En bref

  • Le CERT-EU attribue le piratage du cloud AWS de la Commission européenne au groupe TeamPCP, actif dans les attaques supply chain.
  • Les données de 30 entités de l'Union européenne ont été exfiltrées, soit 340 Go de documents publiés sur le dark web.
  • L'attaque exploite une clé API AWS volée lors d'une compromission antérieure de la supply chain Trivy.

Ce qui s'est passé

Le CERT-EU a formellement attribué le piratage de l'environnement cloud Amazon Web Services de la Commission européenne au groupe TeamPCP, selon BleepingComputer et SecurityWeek. L'intrusion initiale, datée du 10 mars, a exploité une clé API AWS disposant de droits de gestion sur d'autres comptes cloud de la Commission — une clé volée lors de l'attaque supply chain ciblant Trivy, un outil d'analyse de sécurité largement utilisé dans les environnements conteneurisés.

Après avoir pris pied dans l'infrastructure, les attaquants ont utilisé TruffleHog, un outil de recherche de secrets dans le code, pour identifier d'autres identifiants exploitables. Ils ont ensuite créé de nouvelles clés d'accès rattachées à des utilisateurs existants pour éviter la détection, avant de procéder à l'exfiltration massive de données. Le Centre des opérations de cybersécurité de la Commission n'a détecté aucune activité anormale avant le 24 mars, soit cinq jours après le début de l'intrusion.

Le 28 mars, le groupe d'extorsion ShinyHunters a publié les données volées sous la forme d'une archive de 90 Go (environ 340 Go décompressés) contenant des noms, adresses email et contenus de courriels.
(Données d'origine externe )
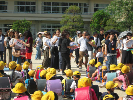 東海地震警戒宣言発令を想定した引き渡し訓練を校庭で行いました。お忙しい中参加していただいた保護者の皆様ありがとうございました。本日は、さわやかな5月の風が吹いてはいても、強い日差しが照りつけているため、早めに引き渡しを進行させました。ご協力ありがとうございました。

Au total, les données de 29 autres entités de l'Union européenne ont été compromises dans cette même opération, selon le rapport du CERT-EU relayé par Dark Reading.

Pourquoi c'est important

Cet incident est l'un des plus graves ayant touché les institutions européennes. Il démontre comment une attaque supply chain — ici la compromission de Trivy — peut servir de tremplin vers des cibles de haute valeur. Le schéma est similaire aux attaques par paquets malveillants sur npm et aux compromissions de plugins WordPress observées récemment : un composant de confiance est détourné pour atteindre des cibles en aval.

TeamPCP s'est imposé comme l'un des groupes les plus prolifiques dans le domaine des attaques supply chain, ciblant GitHub, PyPI, npm et Docker Hub. Leur capacité à pivoter depuis un outil de sécurité (Trivy) vers l'infrastructure cloud d'une institution majeure souligne la nécessité de repenser la gestion des secrets et la rotation des clés API dans les environnements multi-cloud. Le délai de cinq jours entre l'intrusion et la détection interroge également sur les capacités de monitoring des institutions européennes.

Ce qu'il faut retenir

  • Auditez immédiatement vos clés API cloud : toute clé ayant pu être exposée via un outil tiers compromis (Trivy, LiteLLM) doit être révoquée et remplacée.
  • Implémentez une rotation automatique des secrets et un monitoring des créations de clés d'accès inhabituelles dans vos environnements AWS, Azure et GCP.
  • Les outils de sécurité eux-mêmes peuvent devenir des vecteurs d'attaque : intégrez vos scanners de vulnérabilités dans votre périmètre de surveillance supply chain.

Comment sécuriser ses clés API cloud contre les attaques supply chain ?

La première mesure est de ne jamais stocker de clés API en dur dans le code ou les fichiers de configuration. Utilisez un gestionnaire de secrets (AWS Secrets Manager, HashiCorp Vault, Azure Key Vault) avec rotation automatique. Activez les alertes sur la création de nouvelles clés d'accès IAM et sur les appels API inhabituels via CloudTrail ou équivalent. Enfin, appliquez le principe du moindre privilège : chaque clé ne doit disposer que des permissions strictement nécessaires, et les clés de gestion multi-comptes doivent faire l'objet d'une surveillance renforcée.